Workers Example: Direct REST API
This example uses the
fetch API to call Firecrawl directly - works perfectly in Cloudflare Workers:
interface Env { FIRECRAWL_API_KEY: string; SCRAPED_CACHE?: KVNamespace; // Optional: for caching results } interface FirecrawlScrapeResponse { success: boolean; data: { markdown?: string; html?: string; metadata: { title?: string; description?: string; language?: string; sourceURL: string; }; }; } export default { async fetch(request: Request, env: Env): Promise<Response> { if (request.method !== 'POST') { return Response.json({ error: 'Method not allowed' }, { status: 405 }); } try { const { url } = await request.json<{ url: string }>(); if (!url) { return Response.json({ error: 'URL is required' }, { status: 400 }); } // Check cache (optional) if (env.SCRAPED_CACHE) { const cached = await env.SCRAPED_CACHE.get(url, 'json'); if (cached) { return Response.json({ cached: true, data: cached }); } } // Call Firecrawl API directly using fetch const response = await fetch('https://api.firecrawl.dev/v2/scrape', { method: 'POST', headers: { 'Authorization': `Bearer ${env.FIRECRAWL_API_KEY}`, 'Content-Type': 'application/json', }, body: JSON.stringify({ url: url, formats: ['markdown'], onlyMainContent: true, removeBase64Images: true }) }); if (!response.ok) { const errorText = await response.text(); throw new Error(`Firecrawl API error (${response.status}): ${errorText}`); } const result = await response.json<FirecrawlScrapeResponse>(); // Cache for 1 hour (optional) if (env.SCRAPED_CACHE && result.success) { await env.SCRAPED_CACHE.put( url, JSON.stringify(result.data), { expirationTtl: 3600 } ); } return Response.json({ cached: false, data: result.data }); } catch (error) { console.error('Scraping error:', error); return Response.json( { error: error instanceof Error ? error.message : 'Unknown error' }, { status: 500 } ); } } };
Environment Setup: Add
FIRECRAWL_API_KEY in Wrangler secrets:
npx wrangler secret put FIRECRAWL_API_KEY
Optional KV Binding (for caching - add to
wrangler.jsonc):
{ "kv_namespaces": [ { "binding": "SCRAPED_CACHE", "id": "your-kv-namespace-id" } ] }
See
templates/firecrawl-worker-fetch.ts for a complete production-ready example.
When to Use This Skill
✅ Use Firecrawl when:
- Scraping modern websites with JavaScript
- Need clean markdown output for LLMs
- Building RAG systems from web content
- Extracting structured data at scale
- Dealing with bot protection
- Need reliable, production-ready scraping
❌ Don't use Firecrawl when:
- Scraping simple static HTML (use cheerio/beautifulsoup)
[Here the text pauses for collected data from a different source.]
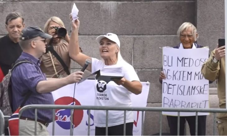 أقدمت مشاركة في تظاهرة مناهضة للإسلام، في العاصمة النرويجية أوسلو على تمزيق صفحات من القرآن الكريم.
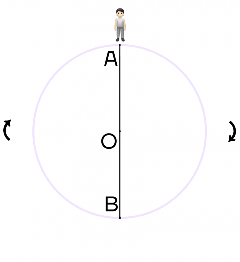 Поэтому если человек будет находиться в точке О и захочет повернуться на 180 градусов, то вместо точки А он будет смотреть на точку В. При повороте на 360 градусов, человек снова будет смотреть на точку А.
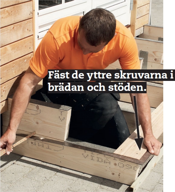 Skruva fast en regel nertill på framsidan av både stöden och vangstyckena. Då står de stadigt och flytter sig inte när du skruvar fast terrassbrädorna.
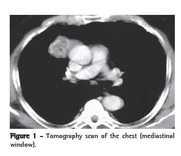 A 66-year-old male patient, born in the city of São Luiz (in the state of Maranhão) and a resident of the city of São Paulo (in the state of São Paulo), was admitted to the outpatient clinic presenting good general health status. The patient, who had no complaints, also had no history of morbidity or smoking. Radiological imaging, performed at another facility ten years prior, had revealed an anterior mediastinal tumor measuring approximately 4 cm in diameter. Therefore, we performed another round of chest X-rays and computed tomography scans of the chest. The new images revealed a tumor (3.0 × 4.0 cm) with spiculated margins, located in the right anterior mediastinum, with the same characteristics found on the scans performed previously (Figure 1). Laboratory test results and pulmonary function test results were normal. Tumors markers were normal. The syndromic diagnosis of anterior mediastinal tumor was confirmed, and surgical treatment was indicated.

- Have existing Puppeteer/Playwright setup working well
- Working with APIs (use direct API calls instead)
- Budget constraints (free tier has limits)
Common Issues & Solutions
Issue: "Invalid API Key"
Cause: API key not set or incorrect Fix:
# Check env variable is set echo $FIRECRAWL_API_KEY # Verify key format (should start with fc-)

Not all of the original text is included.